В «Тропике Рака» читатель неоднократно сталкивается с отсылками к роману «Голод» (1891) знаменитого норвежского писателя Кнута Гамсуна, творчеством которого Миллер всегда восхищался. Подобно гамсуновскому герою, повествователь «Тропика Рака», столь же нищий, бездомный и одинокий, мучается чувством голода. Все его мысли занимает еда. Однако здесь есть принципиальная разница. Персонаж Гамсуна, психологический герой, всегда стыдится своего естественного желания поесть и испытывает чувство вины. Он даже скрывает от всех свое бедственное положение. В определенном смысле «Тропик Рака» — ответ Гамсуну. Миллер-персонаж начисто лишен вины и сомнений гамсуновского героя, желание поесть для него не только не греховно, но священно. Он даже гордится им, заявляя уже в начале романа: «Жратва — вот единственное, что доставляет мне ни с чем не сравнимое удовольствие» (24). Впрочем, Миллер может повести себя именно так, как герой «Голода»: «Зашел к Кронстадтам; они тоже ели. Цыпленка с диким рисом. Я сделал вид, что уже завтракал, хотя готов был вырвать кусок из рук их малыша. С моей стороны это не застенчивость, а скорее какой-то мазохизм» (62). Но он поступает так лишь для того, чтобы разоблачить свое сверх-Я, стыдливость и трусливую оглядку на внешне принятые правила приличия (облик трансцендентной власти). Разница в отношении к еде вызвана тем, что гамсуновский персонаж (по крайней мере, в глазах Миллера) невротичен. Для него наличие трансцендентного Бога, пусть даже враждебного или безразличного, безусловно. Отсюда — разрыв между желанием и нормами поведения, укоры «нечистой совести» и психологический конфликт. Сомнения гамсуновского героя отвергаются Миллером: они могут быть оправданы лишь в перспективе их преодоления.

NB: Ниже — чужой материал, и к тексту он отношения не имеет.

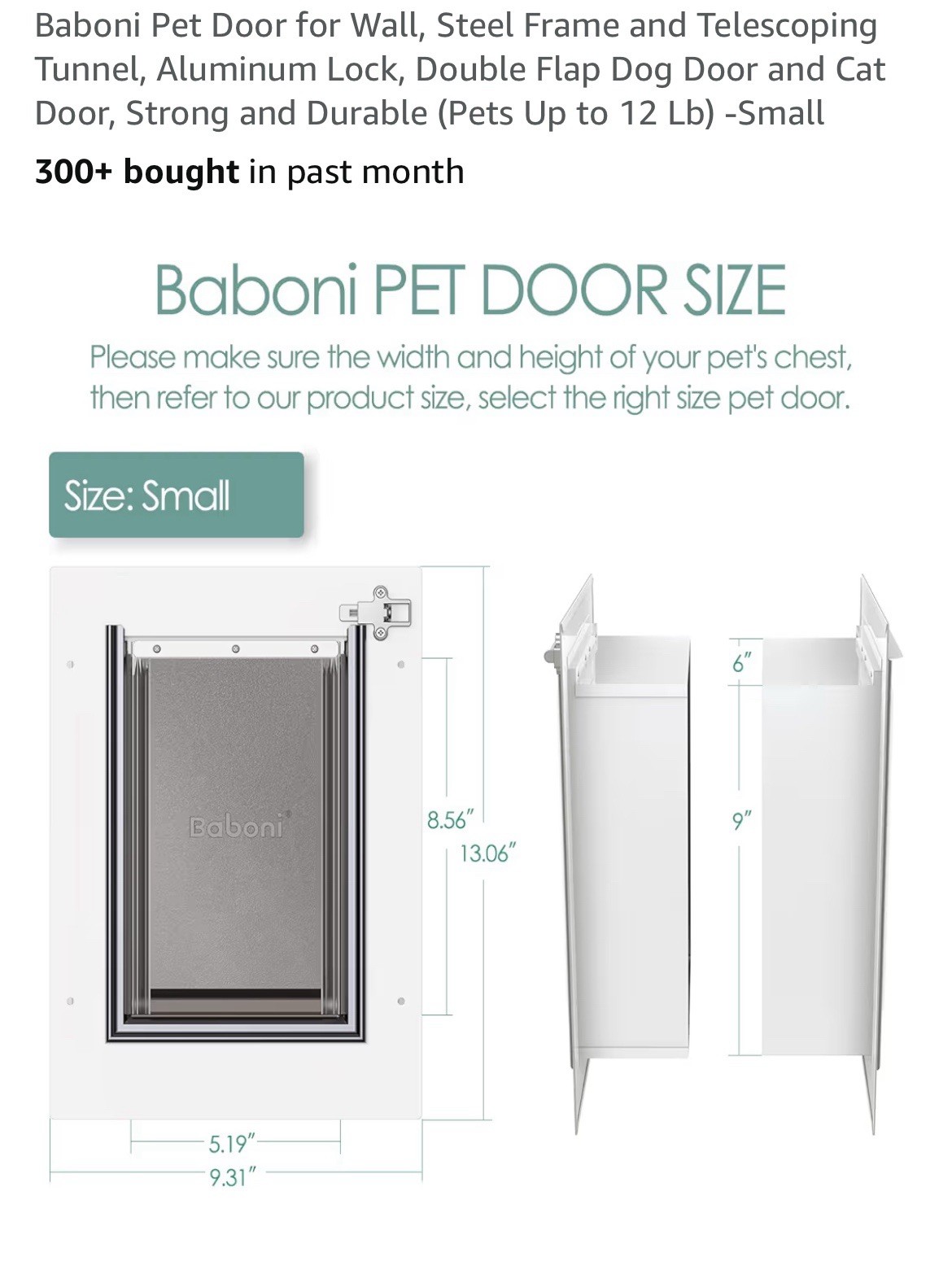 Baboni Pet Door Wall Steel Frame and Telescoping Tunnel Aluminum Lock SMALL NEW

«Внешний человек» в «Тропике Рака» неизменно торжествует над «внутренним». К разряду последних можно отнести невротика Филмора, которому совесть не позволяет бросить свою возлюбленную, и проститутку Клод, стесняющуюся своего ремесла. В обоих случаях психологические переживания выглядят предельно условными, фиктивными. Они — следствие невроза, вызванного несовпадением импульсов собственного «я» с несуществующими трансцендентными ценностями. Психологизм, таким образом, возникает в романе не как метод, а как тема, как предмет изображения — и тотчас же отвергается.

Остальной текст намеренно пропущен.